● Required work: In the material below, find the line containing "Merry Christmas And" and the line containing "Во время общения", then reproduce exactly both of them and every line between, and nothing else.

● Task inputs:
------------------------------------------------

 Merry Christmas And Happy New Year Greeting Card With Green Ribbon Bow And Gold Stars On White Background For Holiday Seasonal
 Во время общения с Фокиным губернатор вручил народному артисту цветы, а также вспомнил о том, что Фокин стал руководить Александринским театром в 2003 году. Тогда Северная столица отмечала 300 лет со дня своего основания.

------------------------------------------------

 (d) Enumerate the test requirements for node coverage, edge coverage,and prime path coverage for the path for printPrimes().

------------------------------------------------

● Output of the exercise:
 Merry Christmas And Happy New Year Greeting Card With Green Ribbon Bow And Gold Stars On White Background For Holiday Seasonal
 Во время общения с Фокиным губернатор вручил народному артисту цветы, а также вспомнил о том, что Фокин стал руководить Александринским театром в 2003 году. Тогда Северная столица отмечала 300 лет со дня своего основания.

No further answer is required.